The man Ragnar’s voice is a rumble from a mouth full of misshapen teeth, his words unintelligible.
“Pappi: estimated height one-metre-eighty, mass eighty kilos–”
The woman beside him answers, her voice lower. Her hair is lighter, but her features equally mismatched, one shoulder slightly higher than the other.
“Oedipus: son of King Laius and Jocasta of Thebes–”
You realize that the voice refusing to die was your own, but it sounds strange. It should be alto but is tenor instead. Perhaps your voice-box was damaged in the accident?
“Pantropy lost favour as Terraforming grew easier–”

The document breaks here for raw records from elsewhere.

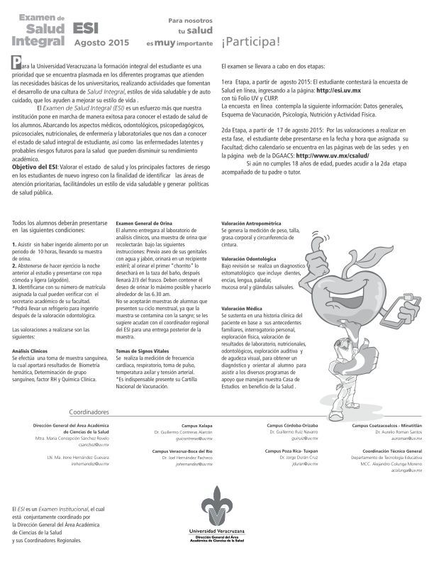 De inicio, el Examen de Salud Integral (ESI) es un esfuerzo más que nuestra institución pone en marcha de manera exitosa para conocer el estado de salud de los alumnos de nuevo ingreso. El ESI abarca de manera general aspectos médicos, odontológicos, psicopedagógicos, psicosociales, nutricionales, de laboratorio y enfermería que nos darán a conocer el estado de salud integral del estudiante así como enfermedades latentes y probables riesgos futuros para la salud que puedan mermar su rendimiento académico.
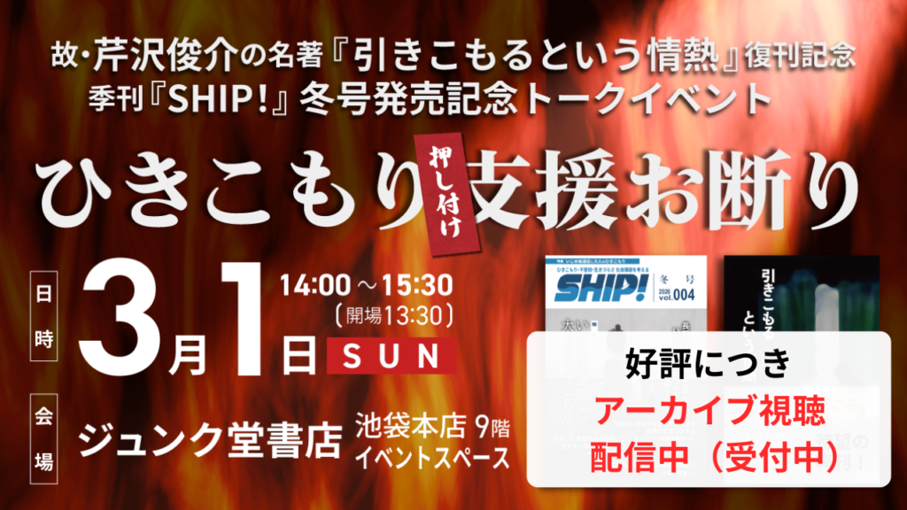 故・芹沢俊介氏の名著『引きこもるという情熱』復刊記念 季刊『SHIP!』冬号発売記念トークイベント – 一...
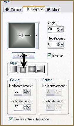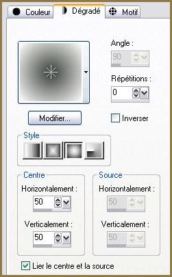2 - Placer en avant-plan la couleur #393e38 et en arrière-plan la couleur #ffffff Configurer un dégradé halo /Répétition: 0/Inverser coché
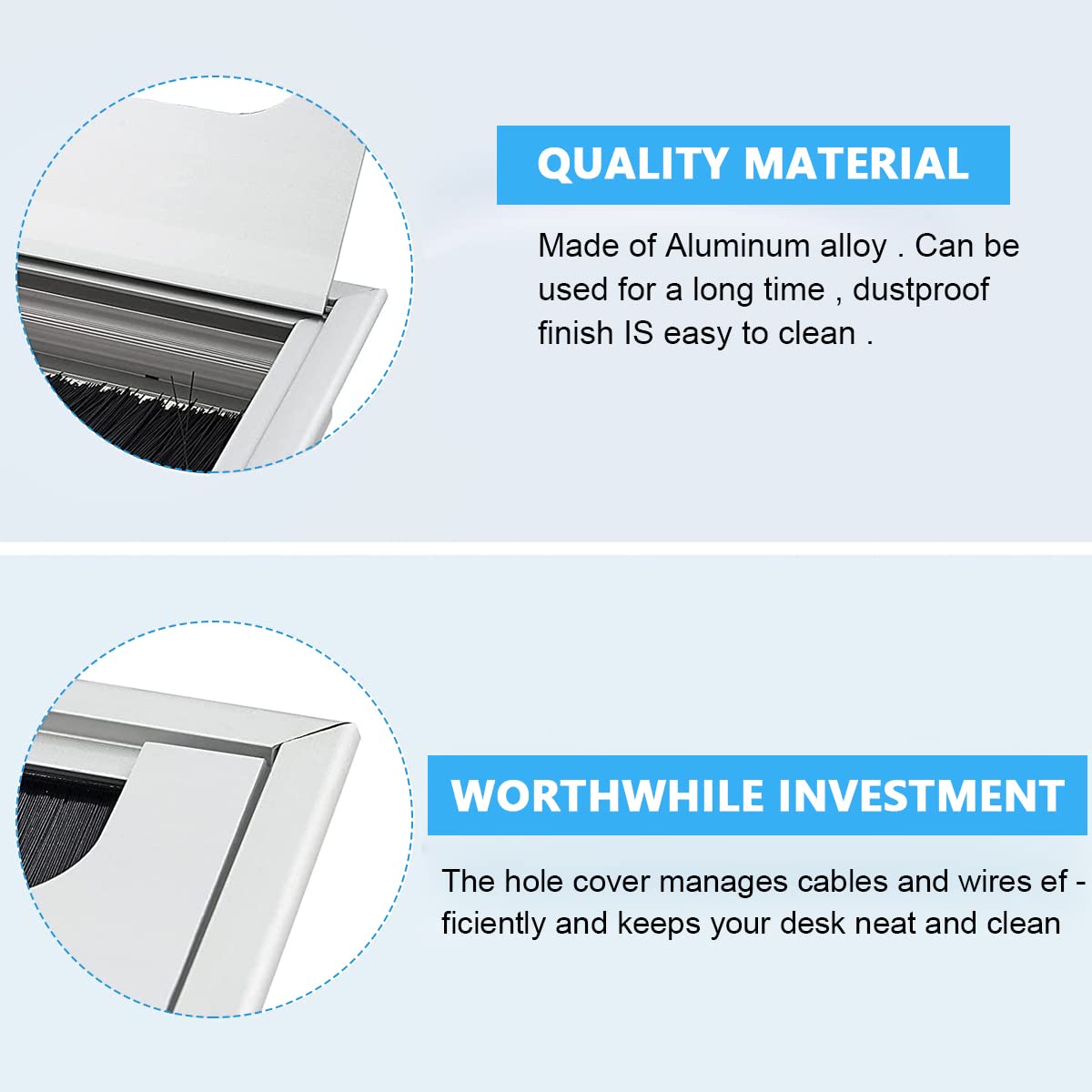 HASTHIP Rectangular Wire Cable Hole Cover with Dust-Proof Brush is a durable aluminum cable organizer designed for efficient wire management on office and computer desks. Measuring 280mm by 80mm, this desk hole cap fits a wide variety of cable types such as power cords, network cables, and PC wires, keeping workspaces tidy and organized. Its sturdy aluminum material ensures long-lasting performance while maintaining a sleek silver appearance that blends with most desk styles. The flip-open lid allows easy cable access, and the integrated brush design prevents dust accumulation and cable damage. Ideal for offices and workstations, this HASTHIP cable cover helps maintain a clean, professional, and organized desktop environment.
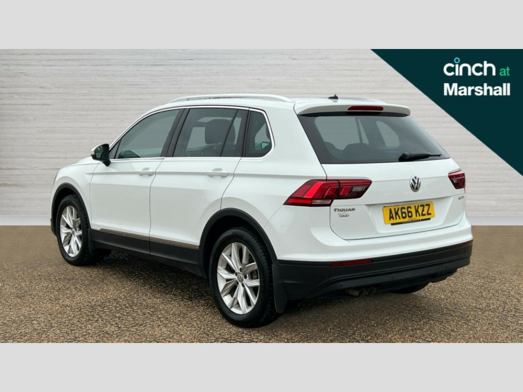 Volkswagen Tiguan 2.0 TDi 150 SE Nav 5dr App-Connect, Bluetooth phone integration system, Instrument cluster, Lane assist, Low washer fluid warning light, Outside temperature display, Service interval indicator, Warning lights, Diesel particulate filter, Aux-in socket, DAB Digital radio, SD card slot, USB connection, Auto dimming interior mirror, Body colour door handles, Body colour door mirrors, Body coloured bumpers, Chrome side window surrounds, Chrome trimmed radiator grille, Coming/leaving home lighting function, Dusk sensor + auto driving lights, Electric folding door mirrors, Electric heated + adjustable door mirrors, Front and rear electric windows, Rain sensor windscreen wipers, Silver roof rails, Tinted windows (B pillar backwards), 3 rear headrests, 3 zone climate control, 4 load lashing points, 40:20:40 split folding rear seats, Front + rear carpet mats, Front centre armrest with 12v socket, Front centre armrest with storage + rear 2 air vents + cupholders, Front seatback folding tables, Height/reach adjust steering wheel, Illuminated driver/passenger vanity mirrors, Illuminated scuff plates, Interior light with delay, Isofix Preparation 2 Rear child seats, Leather gear knob, Lockable cooled glovebox, Luggage compartment lighting, Map pockets on front seats, Rear cupholders, Removable luggage cover, Sliding/reclining rear seats, Storage compartment in driver's door, Storage compartment in passenger's door, Storage drawers under front seats, Storage tray on dashboard, Sunglasses storage, Variable boot floor, 3 rear 3 point seatbelts, ABS+EBD+Brake assist, Active bonnet, Active pedestrian safety system, Curtain airbags, Driver/Front Passenger airbags, Driver/Passenger whiplash optimised head restraints, Drivers knee airbag, Electronic parking brake with auto hold, ESP with EDL + ASR, First aid kit, Front assist including city emergency braking, Front side airbags, Head airbag system, Height adjustable front 3 point seatbelts + pretensioners, Hill hold control, Passenger airbag deactivate switch, Pre crash system, Rear side airbags, Seatbelt warning lamp and buzzer, Warning triangle, Alarm with interior protection, Electronic engine immobiliser, Chrome door trim inserts, Titan silver decorative inserts, 18" Patagonia alloy wheels + anti theft wheel bolts, Steel space saver spare wheel

The accident. The pain increases as a shard of memory brings with its suddenly perfect recall the accompanying agony: The smell of burning dust, the isolation, the heat. After a while your throat hurts with the scream – which tails off into a whimper.
“A quasar at absolute magnitude −25.5 is 100 times brighter than our galaxy–”
The girl – barely a woman – Bera strokes your head. “Hush, Pappi, he kannske skilja you,” she says. Her breasts ooze milk, and a part of you realizes that while she has given birth in the last three weeks for there to be lactation, there is no sound of a baby. The rational corner of your mind tucks this away for later, but the animal part that has control has you lunging forward on all fours, scrabbling at her clothes.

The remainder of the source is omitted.